Microsoft recently redesigned SharePoint to focus more heavily on its integrated AI features and workflows. The service is heavily used in enterprise environments to manage content and files hosted on their private network, such as HR policies, websites, and other organizational data. Now, Microsoft has announced that it is retiring a handful of SharePoint services and features.
First up, we have SharePoint Designer 2013, which is used to build and customize SharePoint sites, pages, and workflows through low-code methodologies. As part of the product"s fixed lifecycle policy, it will reach end of support on July 14, 2026, after which it will be retired in a staggered manner across all Microsoft 365 environments. It will not receive any security updates beyond this point either.
Microsoft has urged customers who still use SharePoint Designer 2013 to evaluate their existing workflows and migrate them to Power Automate as soon as possible through SharePoint Migration Tool 4.1 (SPMT). No extensions of support will be offered beyond July 14, as explained in the Message Center in MC1230891.
Next on the chopping block are InfoPath 2013 client and InfoPath Forms Services in SharePoint Online, which will be retired on July 14 too. This forms experience is considered quite legacy by today"s standards, and Microsoft already began blocking the publishing of new or updated forms from May 18, 2026. Once we arrive at the July 14 deadline, it won"t be possible to use these services at all. The Redmond tech giant has requested customers to transition to Microsoft Forms, Power Apps, and Power Automate to provide a more modern and intelligent solution, as documented in MC616550.
Finally, Microsoft is getting rid of Remote Event Receivers (RER) in SharePoint Online a couple of days ago as a "part of the Azure ACS retirement and ongoing modernization of the SharePoint extensibility platform." RERs leveraging Azure ACS already stopped working reliably on April 2, 2026, and those registered using Entra applications stopped functioning on July 1, 2027, too.
Microsoft has told users to migrate to SharePoint webhooks or Microsoft Graph change notifications, further explaining that:
- Applications and workflows that depend on Remote Event Receivers will no longer receive SharePoint event notifications.

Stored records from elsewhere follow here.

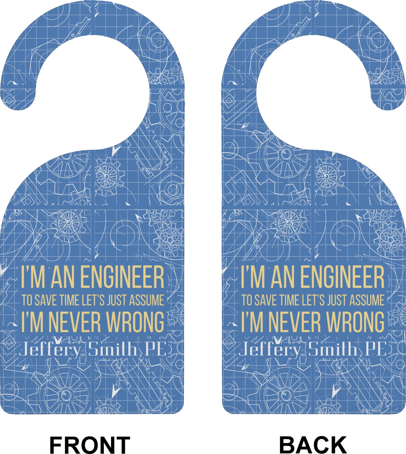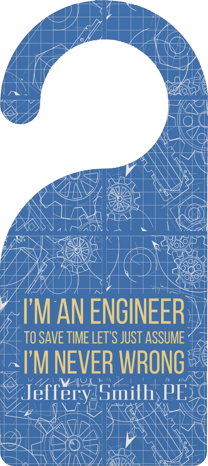The main focus of this design is a funny quote that says "I'm an engineer, to save time let's just assume I'm never wrong." This will be sure to get anyone to crack a smile. The background is a blueprint pattern with gears and other shapes. The main colors are blue and light yellow. Your personalization goes directly under the quote.
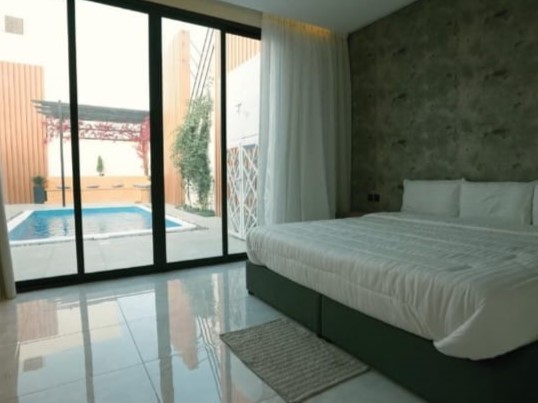- غرفة نوم ماستر مطلة على المسبح.
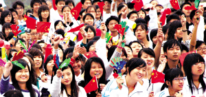 今天是国庆节。昨天,周口街头用鲜花组成的“欢度国庆”图案格外抢眼(上图),人们手拿国旗喜迎国庆59周年(下图)。

- Business processes that rely on those events may stop working unless migrated.
- SharePoint webhooks and Microsoft Graph change notifications are the recommended replacement technologies.
- SharePoint webhooks are asynchronous. Solutions that depend on synchronously blocking or cancelling actions will need to be redesigned.
- There will not be an option to extend Remote Event Receivers beyond July 1, 2027.
- Microsoft currently does not provide a tenant-wide method for administrators to discover Remote Event Receiver usage. We will update [...] as soon as a discovery capability is available.
You can find additional details in MC1411726.